I'm new to Machine Learning and currently got stuck with this. First I use linear regression to fit the training set but get very large RMSE. Then I tried using polynomial regression to reduce the bias.
import numpy as np
from sklearn.linear_model import LinearRegression
from sklearn.preprocessing import PolynomialFeatures
from sklearn.metrics import mean_squared_error
poly_features = PolynomialFeatures(degree=2, include_bias=False)
X_poly = poly_features.fit_transform(X)
poly_reg = LinearRegression()
poly_reg.fit(X_poly, y)
poly_predict = poly_reg.predict(X_poly)
poly_mse = mean_squared_error(X, poly_predict)
poly_rmse = np.sqrt(poly_mse)
Then I got slightly better result than linear regression, then I continued to set degree = 3/4/5, the result kept getting better. But it might be somewhat overfitting as degree increased.
The best degree of polynomial should be the degree that generates the lowest RMSE in cross validation set. But I don't have any idea how to achieve that.
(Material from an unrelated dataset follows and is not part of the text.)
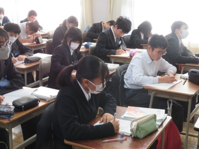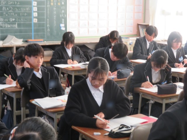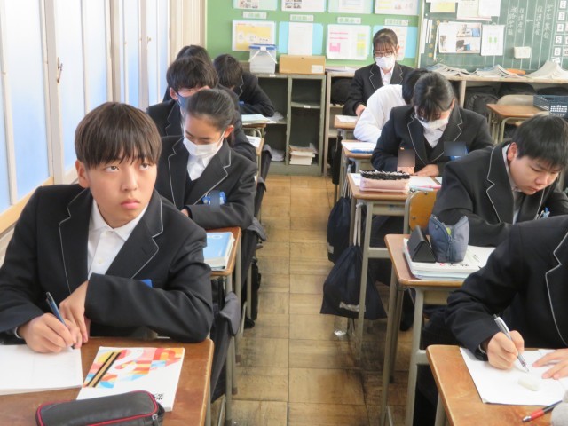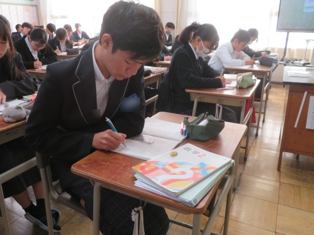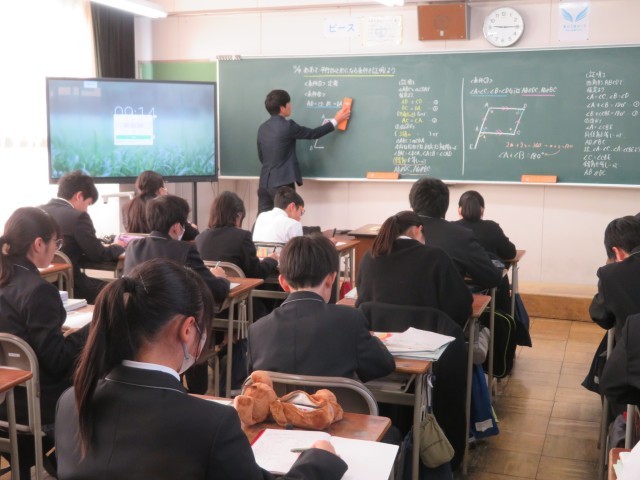 2年生の数学の授業のようすです。「平行四辺形になる条件を証明しよう」というめあてで学習を進めていました。四角形にどんな条件を加えると必ず平行四辺形になるのか、今まで学んだ図形の性質を生かして説明することができましたね。

Should I use GridSearchCV? or any other method?
Much appreciate if you could me with this.
In my opinion, the best way to find an optimal curve fitting degree or in general a fitting model is to use the GridSearchCV module from the scikit-learn library.
Here is an example how to use this library:
Firstly let us define a method to sample random data:
def make_data(N, err=1.0, rseed=1):
rng = np.random.RandomState(rseed)
X = rng.rand(N, 1) ** 2
y = 1. / (X.ravel() + 0.3)
if err > 0:
y += err * rng.randn(N)
return X, y
Build a pipeline:
def PolynomialRegression(degree=2, **kwargs):
return make_pipeline(PolynomialFeatures(degree), LinearRegression(**kwargs))
Create a data and a vector(X_test) for testing and visualisation purposes:
X, y = make_data(200)
X_test = np.linspace(-0.1, 1.1, 200)[:, None]
Define the GridSearchCV parameters:
param_grid = {'polynomialfeatures__degree': np.arange(20),
'linearregression__fit_intercept': [True, False],
'linearregression__normalize': [True, False]}
grid = GridSearchCV(PolynomialRegression(), param_grid, cv=7)
grid.fit(X, y)
Get the best parameters from our model:
model = grid.best_estimator_
steps=[('polynomialfeatures', PolynomialFeatures(degree=4, include_bias=True, interaction_only=False)), ('linearregression', LinearRegression(copy_X=True, fit_intercept=True, n_jobs=1, normalize=False))])
Fit the model with the X
and y
data and use the vector to predict the values:
y_test = model.fit(X, y).predict(X_test)
Visualize the result:
plt.scatter(X, y)
plt.plot(X_test.ravel(), y_test, 'r')